■ **Description of the task**: Only the records, exactly as written, belong in the answer; pictures do not.

■ **Records supplied**:
↓↓↓

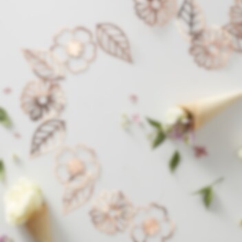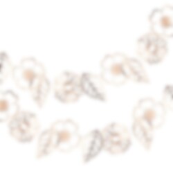 Exclusieve slinger met 18 afbeeldingen van bloemen en bladeren in fijne roségoudfolie. Een indrukwekkende decoratie om mee te nemen naar het feestje of de babyshower. De slinger is ongeveer 3 meter lang.
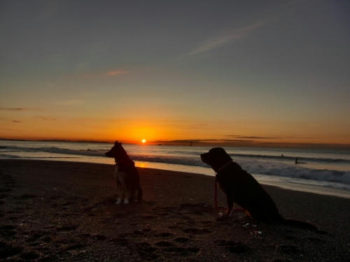 いつものようにお仕事をしてると、向こうから誰かがやって来た。ボクもウサもクロエちゃんかなと思って少しうきうきしてたら、時々会う朝日の写真を撮りに来るペアの人たちだった。女の人の方が、「この子たちちゃんとポーズをとってくれるんだね、えらいね」って言った。今まで会った時は走ったり歩いたりしてるっていうお仕事だったので気づかなかったんだね。
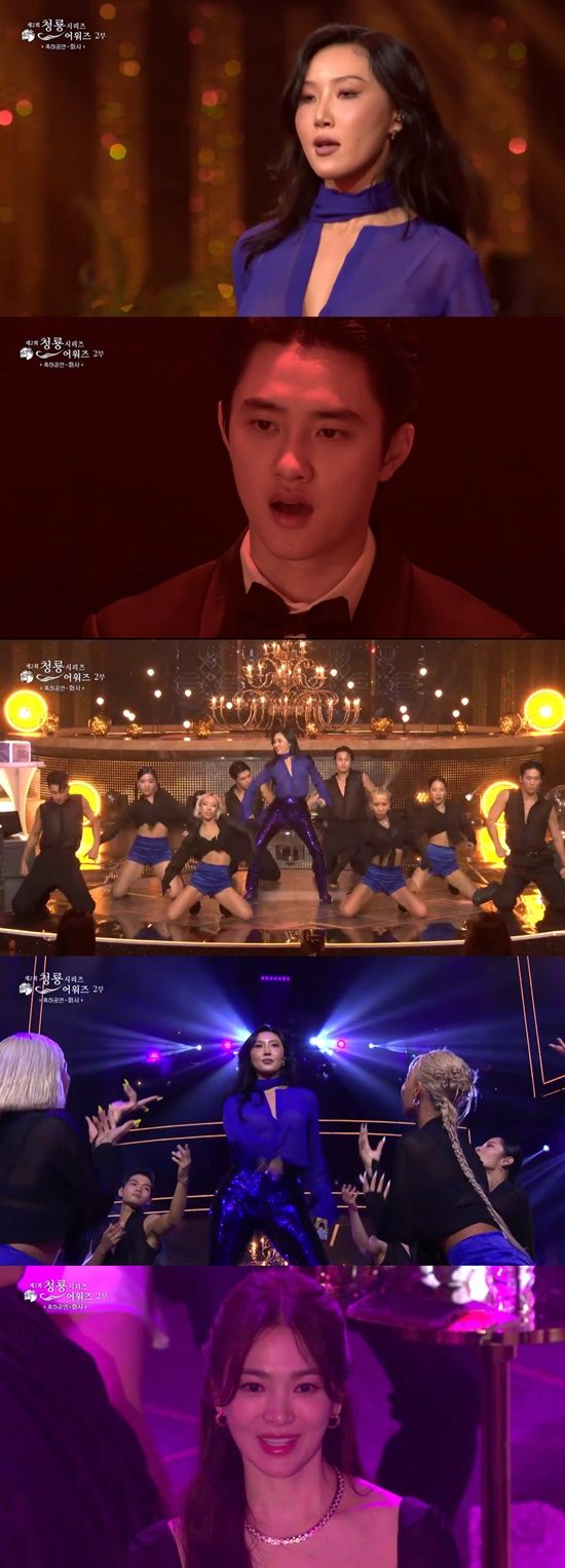 화사의 무대를 지켜보는 수많은 연예인들도 크게 호응하며 현장 분위기를 뜨겁게 달궜다. 디오는 입을 다물지 못한 채 화사의 무대를 지켜보는 모습이 화면에 잡혀 화제를 모으기도. 여기에 송혜교의 흐뭇한 미소까지 포착되어 관심을 집중시켰다.
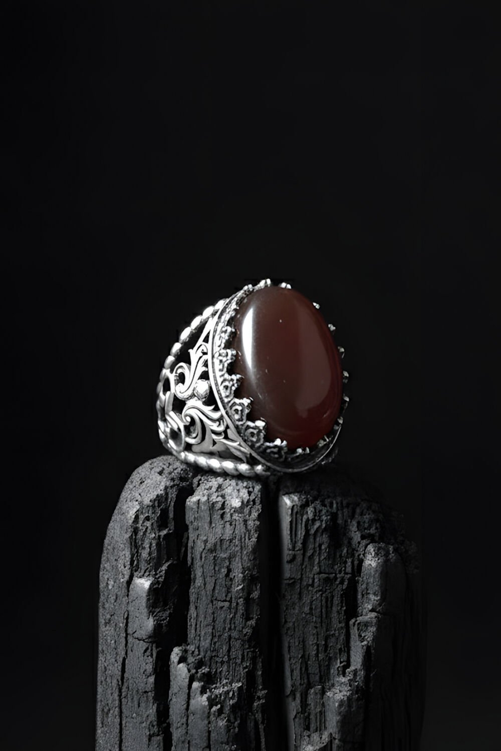 Har-ı Aşk Serisi: El İşçiliği Akik Taşlı 925 Ayar Gümüş Erkek Yüzük
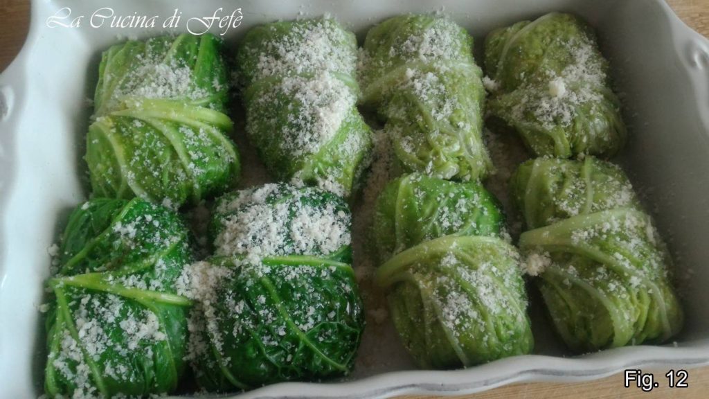 Lege die Röllchen nacheinander auf ein gut geöltes Backblech, träufle etwas zusätzliches Öl darüber und bestreue mit dem restlichen geriebenen Parmigiano. Gib alles in einen vorgeheizten Ofen bei 190 °C für 25 Minuten.

↑↑↑

■ **Reply to the exercise**:
 Exclusieve slinger met 18 afbeeldingen van bloemen en bladeren in fijne roségoudfolie. Een indrukwekkende decoratie om mee te nemen naar het feestje of de babyshower. De slinger is ongeveer 3 meter lang.
 いつものようにお仕事をしてると、向こうから誰かがやって来た。ボクもウサもクロエちゃんかなと思って少しうきうきしてたら、時々会う朝日の写真を撮りに来るペアの人たちだった。女の人の方が、「この子たちちゃんとポーズをとってくれるんだね、えらいね」って言った。今まで会った時は走ったり歩いたりしてるっていうお仕事だったので気づかなかったんだね。
 화사의 무대를 지켜보는 수많은 연예인들도 크게 호응하며 현장 분위기를 뜨겁게 달궜다. 디오는 입을 다물지 못한 채 화사의 무대를 지켜보는 모습이 화면에 잡혀 화제를 모으기도. 여기에 송혜교의 흐뭇한 미소까지 포착되어 관심을 집중시켰다.
 Har-ı Aşk Serisi: El İşçiliği Akik Taşlı 925 Ayar Gümüş Erkek Yüzük
 Lege die Röllchen nacheinander auf ein gut geöltes Backblech, träufle etwas zusätzliches Öl darüber und bestreue mit dem restlichen geriebenen Parmigiano. Gib alles in einen vorgeheizten Ofen bei 190 °C für 25 Minuten.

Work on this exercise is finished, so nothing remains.